Retiring after teaching at Brampton school for 30 years
Last updated at 17:21, Friday, 01 June 2012
After nearly four decades at the front of the class, a Brampton teacher is leaving the profession.
Phil Furneaux has taught physics at William Howard School since 1982 and today will be his last day there.
Before that he taught for seven years in Carlisle, Manchester and South America. Mr Furneaux will be taking on a new role with a science trust.
Mr Furneaux, 59, who lives in Brampton, said the highlight of his time at the school was giving good lessons to his pupils.
“It didn’t happen often,” he joked, “but when it did it was great.”
He added: “It’s like having a good gig if you’re a musician.”
Mr Furneaux joined the school after spending time working in South America and travelling around Europe and the Middle East. This included a trip to Afghanistan shortly before the Soviet Union invaded in 1979. When he joined, William Howard School’s catchment area was Brampton and surrounding rural areas, giving it an agricultural bent.
It kept pigs, chickens and other animals, which were used in lessons about farming. Today though its students come from a far more urban area and the curriculum reflects that.
“It’s just moving with the times,” Mr Furneaux commented.
At that time the school was also split across two sites, which is not the case today. Mr Furneaux added that one of his other proud achievements has been setting up an exchange with a school near Mount Kilimanjaro in Tanzania 25 years ago.
“You have got to experience a different culture to complete an education really,” he said.

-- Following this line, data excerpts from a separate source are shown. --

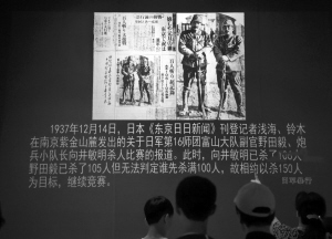 ?。保梗常纺辏保苍拢保慈?,日本《東京日日新聞》記者淺海、鈴木在南京紫金山麓發(fā)出了關(guān)于日軍第16師團富山大隊副官野田毅、炮兵小隊長向井敏明殺人比賽的報道,向井敏明已經(jīng)殺了106人,野田毅已經(jīng)殺了105人,但無法判定誰先殺滿100人,故相約以殺150人為目標,繼續(xù)競賽。
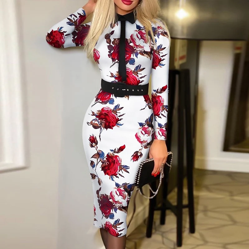 Женское облегающее платье, элегантное облегающее платье с принтом гусиная лапка и цветочным принтом, Осень-зима, для офиса и вечеринок, с ремнем
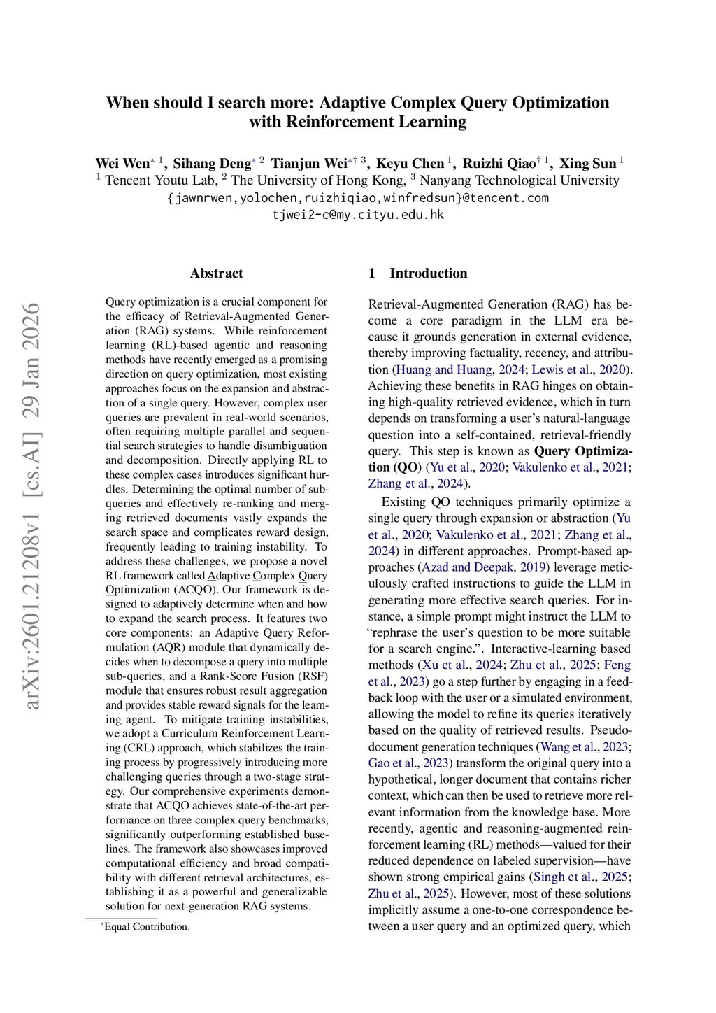 When should I search more: Adaptive Complex Query Optimization with Reinforcement Learning
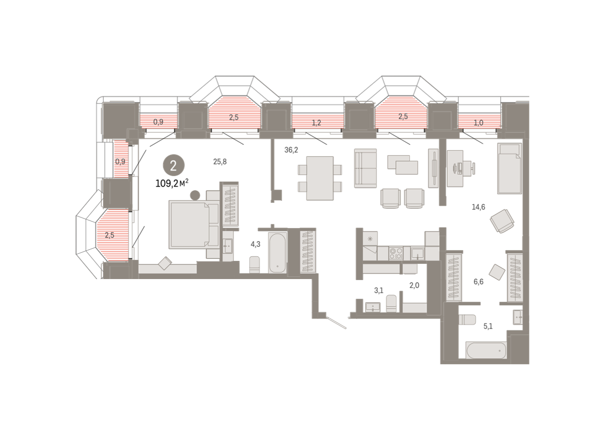 110.00 м² | 21 - 24 эт.
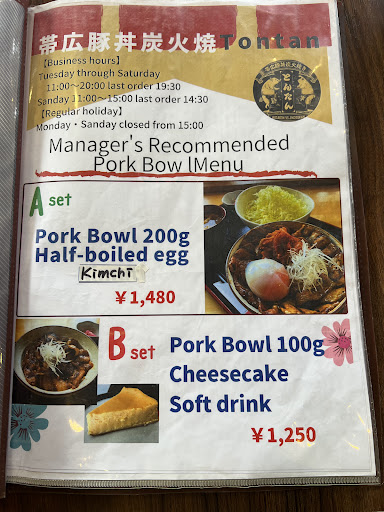 Their specialty is focusing on pork dishes, but primarily Butadon / Pork Bowls. Their pork is high quality and is served either from the Pork Belly or the Pork Shoulder. The meat is charcoal grilled and very tender and juicy. Their sauce is exceptionally delicious—thick, sweet, with a hint of tanginess behind it! Extra sauce is provided at each table, and is delicious to add to the rice or slather more on the pork if that’s your style! It’s excellently sauced and proportioned as is. You can get different sizes of rice and meat to match your appetite—I find 200g to be plenty for a great lunch.
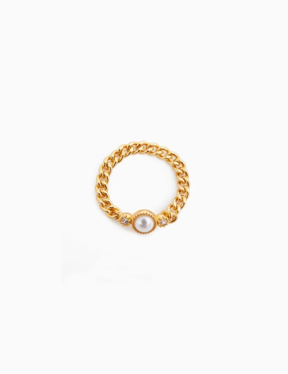 The Collage Fine Chain Ring In Gold From Our Spring 2023 Collection, Wonderland. A Gold Plated Fine Chain Ring Featuring A Pearl And Cubic Zirconia Stones.- 20K Gold Plated
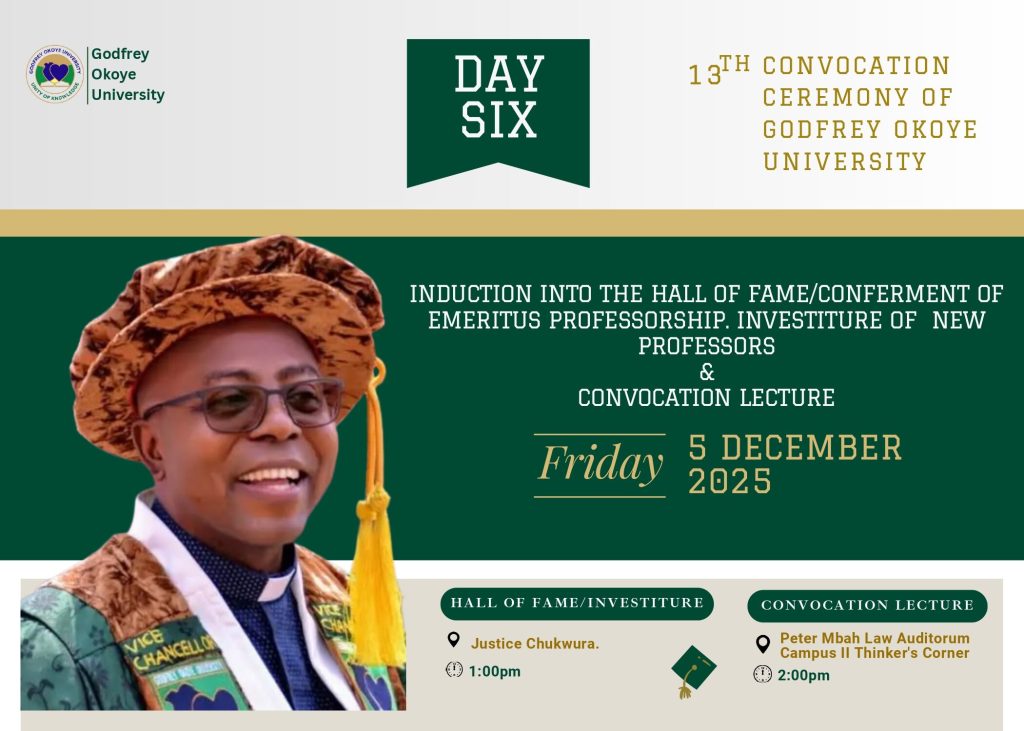 Godfrey Okoye University looks forward to an inspiring and memorable Day Six as we honour exceptional individuals and deepen our academic heritage.
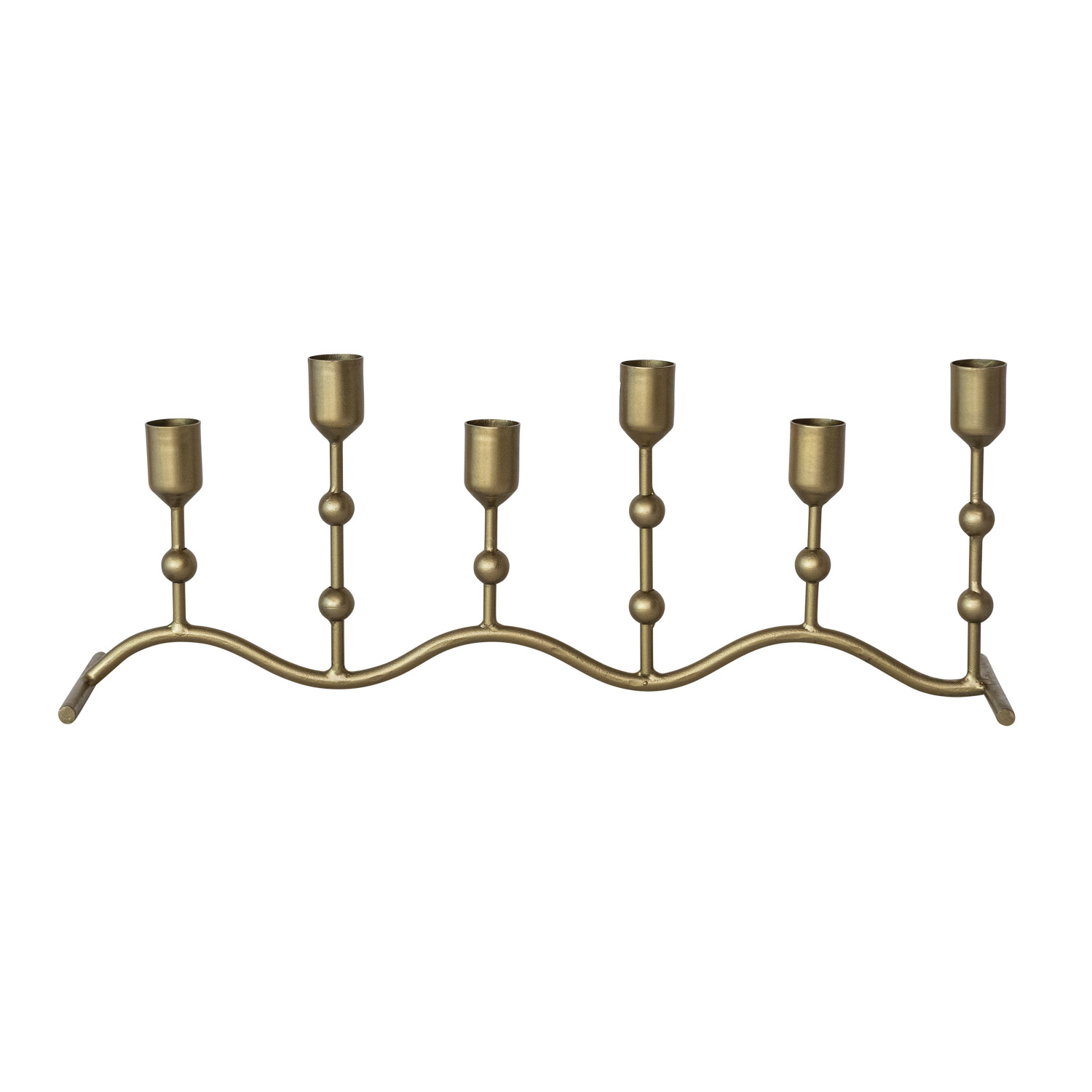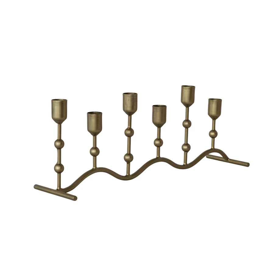 Catalog Name: 15-3/4"L x 4"W x 5-3/4"H Hand-Forged Iron Candle Runner w/ Balls & Curved Base, Antique Gold Finish (Holds 6 Tapers)

Other changes include an increase in the amount of teachers’ paperwork, and that parents are more likely to believe a pupil’s version of events than was the case in the past.
“There are much greater expectations on teachers,” he said. “I think that’s not a bad thing as long as teachers are given the chance to be able to do what they should be doing and that’s teaching, not masses of paperwork.”
He will now take up a new role promoting physics with the Ogden Trust, a charitable organisation, based at Lancaster University. But he is keen to point out he is not retiring.
“I’ve no intention of stopping working,” he said.
Mr Furneaux plans to spend more time on his hobbies, saxophone playing and gardening.